The origins of this song are unclear, although it pre-dates the 1861–1865 American Civil War. American folklorist, Dorothy Scarborough (1878–1935). noted in her 1925 book On the Trail of Negro Folk-Songs, that several people remember hearing the song before the war and her sister, Mrs. George Scarborough, learned the song from a man who had known the song during his earliest childhood from slaves singing it on plantations in Louisiana. Both the dance and the song had as many variants as the old old folk song that it is.

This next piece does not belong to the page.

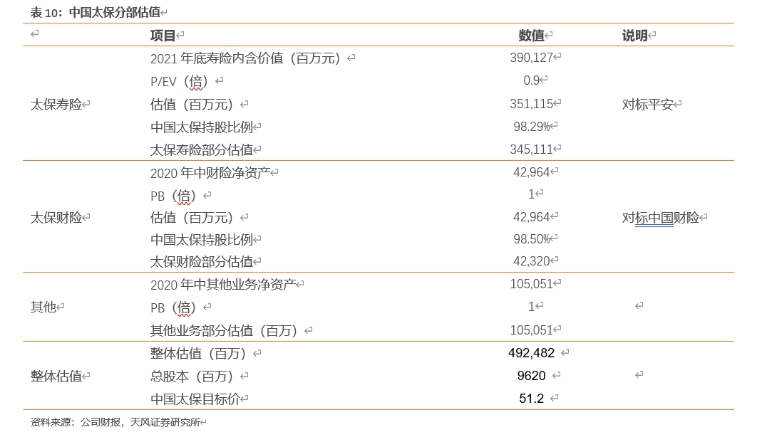 我们应用分部估值法对太保进行估值,对太保寿险使用 P/EV 估值,对太保财险业务按照PB给予估值:1)寿险:考虑太保寿险负债端向上的短期和长期因素兼备,我们给予0.9倍 2021P/EV;2)财险:对标人保财险,我们给予1倍PB;3)其他:以净资产估值,给予其他业务1倍 PB。分部估值法下太保集团的目标价格为51.2元,较目前股价有33.0%增长空间,给予“买入”评级。

American publishing house, Harper and Brothers, published a version in 1882, heard by author Louise Clarke Pyrnelle (born 1850) on the Alabama plantation of her father when she was a child, that was later republished in 1910:

"Cotton-eyed Joe, Cotton-eyed Joe,
What did make you sarve me so,
Fur ter take my gal erway fum me,
An' cyar her plum ter Tennessee?
Ef it hadn't ben fur Cotton-eyed Joe,
I'd er been married long ergo.
"His eyes wuz crossed, an' his nose wuz flat,
An' his teef wuz out, but wat uv dat?
Fur he wuz tall, an' he wuz slim,
An' so my gal she follered him.
Ef it hadn't ben fur Cotton-eyed Joe,
I'd er been married long ergo.
"No gal so hansum could be foun',
Not in all dis country roun',
Wid her kinky head, an' her eyes so bright,
Wid her lips so red an' her teef so white.
Ef it hadn't ben fur Cotton-eyed Joe,
I'd been married long ergo.
"An* I loved dat gal wid all my heart,
An' she swo' fum me she'd never part;
But den wid Joe she runned away,
An' lef' me hyear fur ter weep all day.
O Cotton-eyed Joe, O Cotton-eyed Joe,
What did make you sarve me so?
O Joe, ef it hadn't er ben fur you,
I'd er married dat gal fur true."

By 1884, the same year Mark Twain's Adventures of Huckleberry Finn was published, the fiddle based song was referred to as "an old, familiar air."

Notes

  • Although the song is in the public domain, any modern-day recorded versions (such as by the Rednex) are NOT.